Cyber espionage campaign targeted stock exchange executive’s Outlook account

Attackers spent five months silently stealing emails from a stock exchange executive’s Outlook account in a suspected espionage operation.
A threat actor quietly sat inside a senior executive’s Outlook account at a major global stock exchange for roughly 150 days, from October 2025 to March 2026.

Broadcom’s Symantec and Carbon Black threat-hunting team investigated the incident and published their findings this week. They don’t name the exchange, and they don’t attribute the attack to any known threat actor.
By quietly monitoring the mailbox, attackers could collect sensitive information on negotiations, internal discussions, calendars, contacts, travel plans, and potentially market-moving events. Researchers highlighted the case because it shows how a single compromised executive account can provide a detailed picture of an organization’s activities without attackers needing to move elsewhere on the network.
“For an espionage actor, a senior executive’s mailbox is a high-value intelligence target. An Outlook profile may yield details of external negotiations, internal deliberations, the executive’s calendar, travel pattern, and their contacts.” reads the report published by Broad Symantec. “Organizations such as exchanges and regulators may hold non-public information about listings, enforcement actions and market-moving events. Months of unfettered access to that mailbox lets an attacker build a near-complete picture of the target’s working life and the organization’s near-term direction without ever having to move laterally elsewhere on the network.”
According to the researchers, attackers are not financially motivated, the compromise is part of an intelligence operation.
The first signs of malicious activity appeared on October 10, 2025, though how the attacker got in initially remains unknown. At that point, two malicious binaries were already running on the host with SYSTEM-level privileges, disguised as Adobe Acrobat and OneDrive processes. The attacker had already done the hard part before anyone was watching.

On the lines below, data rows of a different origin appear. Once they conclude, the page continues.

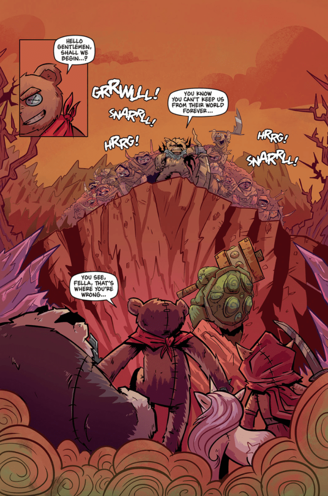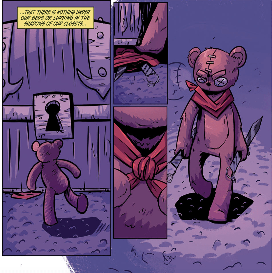 Written by Garrett Gunn and illustrated by Nicolas Touris, The Fear Diaries follows a small band of stuffed animals who defend their children from the nightly threat of vicious nightmares. To do so, they travel to some sort of alternate, desolate dimension, where the nightmares lay in wait.
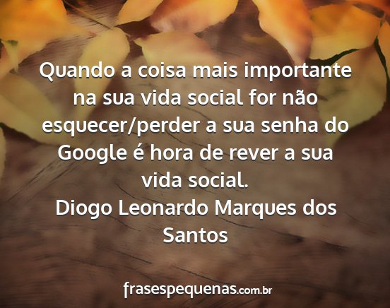 Quando a coisa mais importante na sua vida social for não esquecer/perder a sua senha do Google é hora de rever a sua vida social.Diogo Leonardo Marques dos Santos
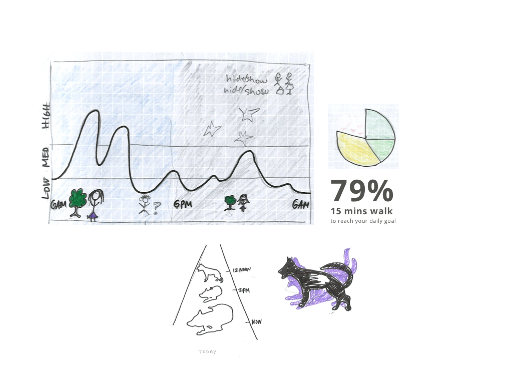I defined basic values for whistle including: Credibility (achieved by accurate synced data, and vet approval), and Supportive (suggesting that insights are there to make the mom feel good, and not to judge her, and lastly Personalized (all activity data is specific to breed, so that the app doesn’t bring you unreasonable expectations).
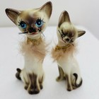 Vtg 2 Anthropomorphic Siamese Cat Pottery Figurine Whiskers Blue Eyes 5.5” T
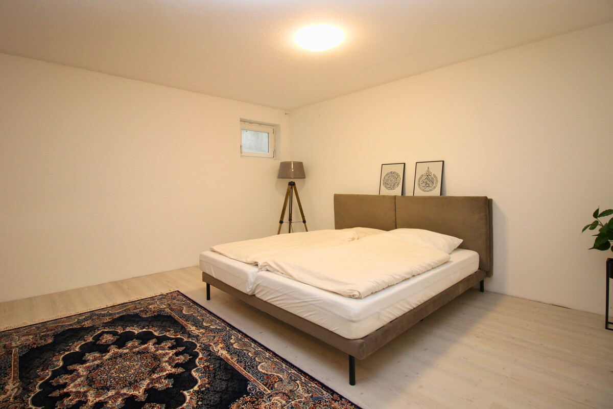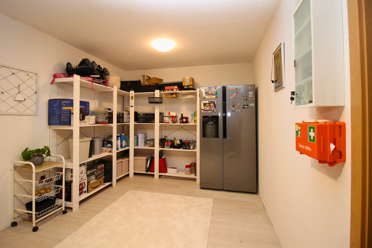 Der Keller bietet nicht nur praktischen Stauraum, sondern auch ein großzügiges zusätzliches Schlafzimmer, das dank der außergewöhnlich hohen Decken und der durchgängigen Fußbodenheizung vollwertigen Wohnkomfort bietet. Dieser Raum eignet sich ideal als Gästezimmer.
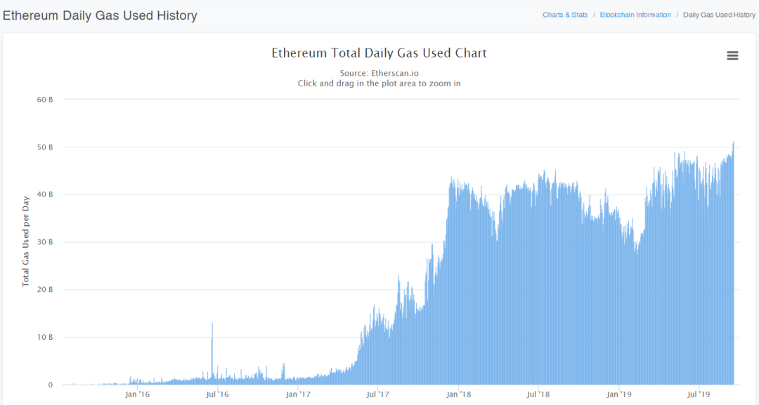 今日,ETH市场价格突破200美元大关,引起一片哗然。与此同时,以太坊网络的Gas日消耗量也创下了历史新高。见下图:
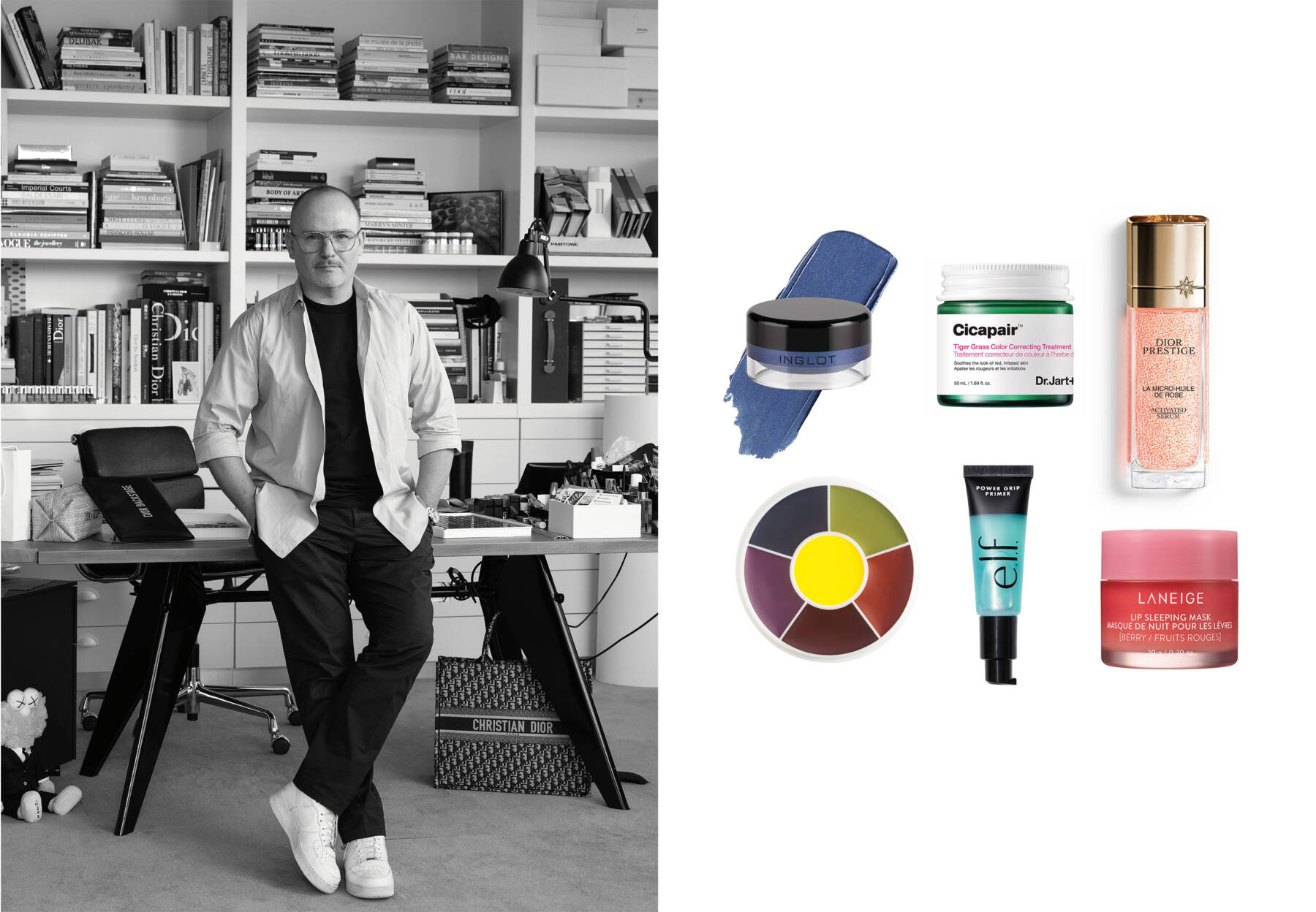 clockwise from top left: AMC Eyeliner Gel by Inglot, Cicapair Tiger Grass Color Correcting Treatment by Dr. Jart+, Dior Prestige La Micro-Huile de Rose Activated Serum by Dior Beauty, Lip Sleeping Mask by Laneige, Power Grip Primer by e.l.f., Professional Wheels by Ben Nye. Portrait courtesy of Brigitte Lacombe for Christian Dior Pafums

The operation turned active on November 12, when command-and-control channels came online and data started moving. The tool at the center of everything was a wrapper around Aspose, a legitimate commercial .NET library that can parse Outlook mailbox files. The attacker used it to convert the executive’s OST file into a PST archive and push it out in dated chunks, each covering a window of a few weeks.
“Eight further OST-extraction runs followed at roughly two-to-four-week intervals through to February 17, 2026, each time with a -t window that adjoined the previous one.” continues the report. “The cumulative effect over the five months observed is a complete, near-continuous theft of the user’s Outlook mailbox, broken into incremental archives small enough not to draw attention from security software.”
Exfiltration went through Dropbox and OneDrive Personal to avoid rising suspicion. Both are services that appear in normal corporate traffic every day. The attacker also hardcoded Microsoft IP addresses instead of hostnames for OneDrive calls, which neatly bypasses DNS-based logging. That’s not a rookie move.
Persistence was a constant concern. The attacker re-registered scheduled tasks every few weeks under names mimicking Adobe, Lenovo, and OneDrive services. The task intervals rotated between 5-minute, 5-hour, 15-hour, and 24-hour windows. Each new registration overwrote the previous one, keeping the footprint minimal. On February 27, a new binary appeared masquerading as the OneDrive sync service; on March 19, another disguised as an Adobe driver component. The attacker kept refreshing their grip on the machine all the way to the end.
The identity of whoever is behind this stays unknown. The use of public tools, cloud infrastructure for both C2 and exfiltration, and no reuse of infrastructure tied to known groups all make attribution very difficult. What’s clear is that the operation was tightly scoped, technically disciplined, and almost certainly state-linked given the target and the patience involved.
Symantec and Carbon Black have published the full list of indicators of compromise, including file hashes for the mailbox stealer and the various masquerading executables, at security.com. If you run endpoint detection for a financial institution, regulator, or anyone else sitting on market-sensitive information, those hashes are worth feeding into your tooling today.
“The attackers’ focus throughout was on a single objective: long-term, incremental theft of the contents of a single Outlook mailbox, exfiltrated through Dropbox and OneDrive Personal in small batches over a period of five months to avoid raising suspicions or triggering alerts on the system.” concludes the report. “This was a tightly focused and highly targeted campaign, with five months being a significant dwell time for an attacker. It is notable to see the different techniques and approaches used by the attacker in order to stay under the radar and maintain persistent access.”